The PNS of ob/ob mice displayed reduced Akt activation in response to intrathecal IGF-1. Similar to the results shown for intrathecal insulin, an intrathecal injection of IGF-1 produced a strong activation of Akt in both the DRG and sciatic nerve of nondiabetic mice, but the response was somewhat blunted in the PNS of ob/ob mice. In the DRG (A), there was a significant increase in Akt activation in both the nondiabetic and ob/ob mice; however, the activation level was significantly lower in the DRG from ob/ob mice. In the sciatic nerve (B), IGF-1 stimulation resulted in a significant Akt activation in nondiabetic mice, but not in the ob/ob mice. * = p < 0.05, ** = p < 0.01, *** = p < 0.001. n = 8 nondiabetic PBS, n = 9 nondiabetic IGF-1, n = 7 diabetic PBS, n = 10 diabetic IGF-1.

Figure 6

Possible mechanisms that may be contributing to insulin resistance in the PNS. A) In this study the expression of the beta subunit of the insulin receptor was significantly reduced in the DRG of ob/ob mice as compared to nondiabetic controls. B) No significant change in insulin receptor expression was observed in the sciatic nerve.
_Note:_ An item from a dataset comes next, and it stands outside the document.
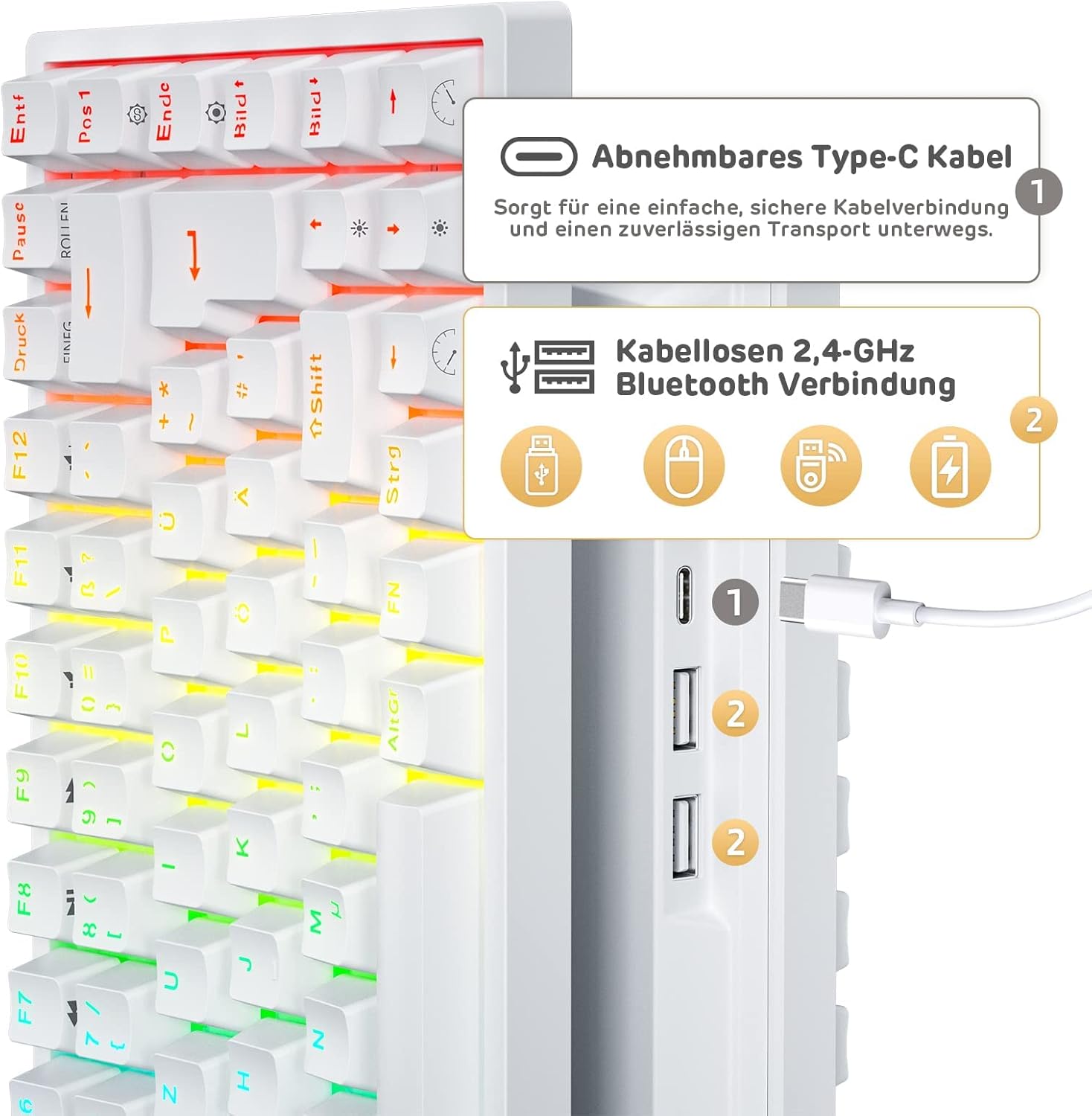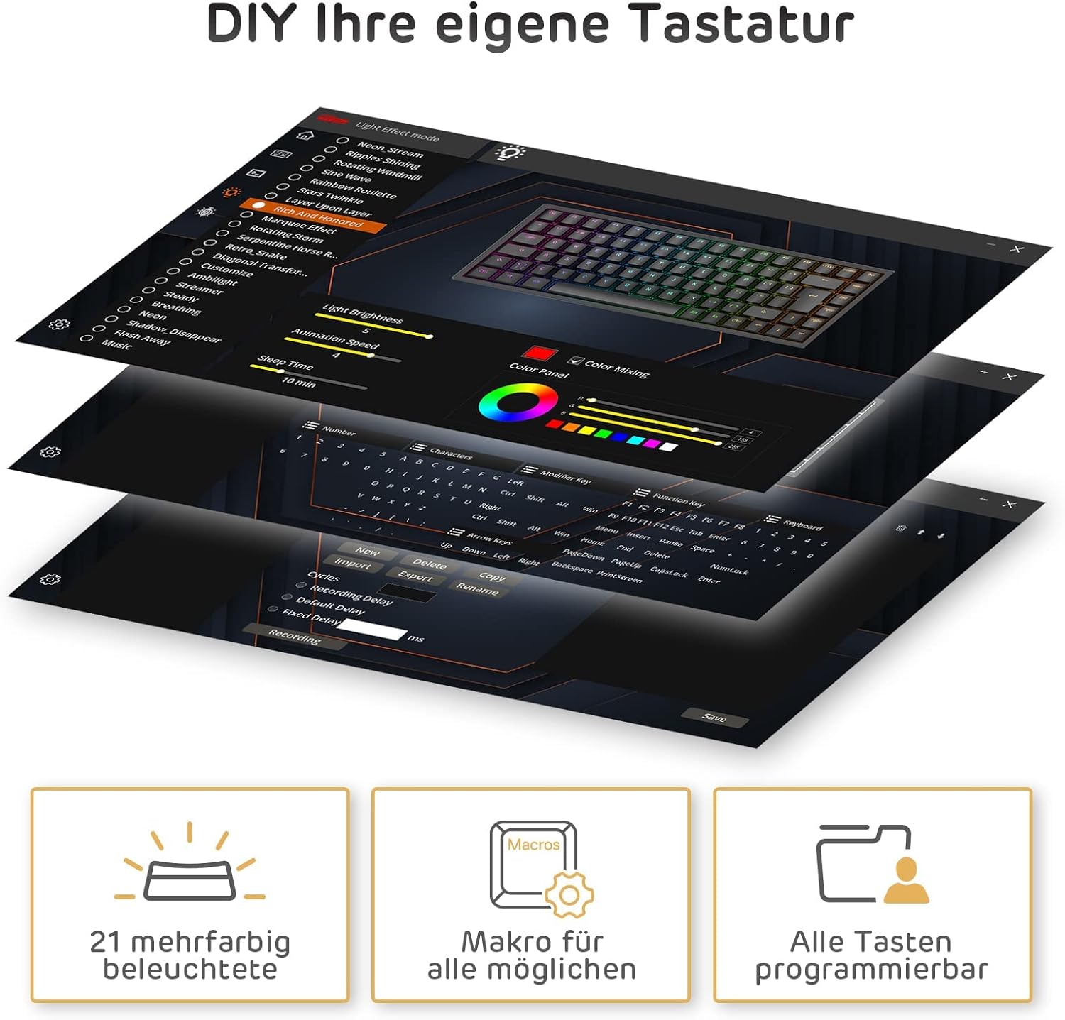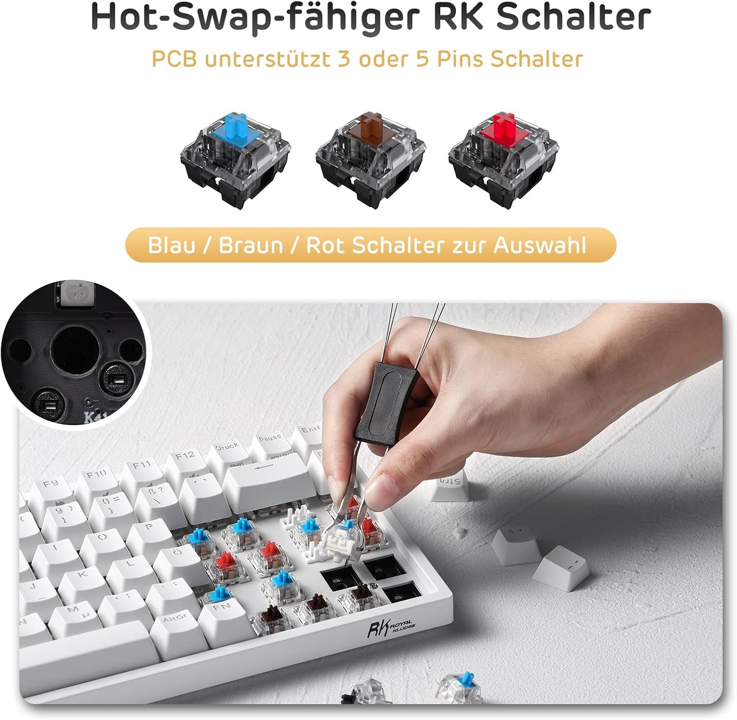 RK ROYAL KLUDGE RK84-DE 75% геймърска клавиатура, 85 клавиша компактна TKL клавиатура, Bluetooth механична клавиатура, червен превключвател, RGB подсветка, 2.4 GHz геймърска клавиатура за Mac и Win, QWERTZ

C) The stress kinase JNK was not significantly activated in the DRG of ob/ob mice; however in the sciatic nerve (D) there was a significant upregulation of JNK in ob/ob mice. E, F) No differences in PTP1B expression profiles were observed in either the DRG or sciatic nerve between nondiabetic and diabetic groups. * = p < 0.05. n = 9 nondiabetic PBS, n = 9 nondiabetic insulin, n = 7 diabetic PBS, n = 9 diabetic insulin.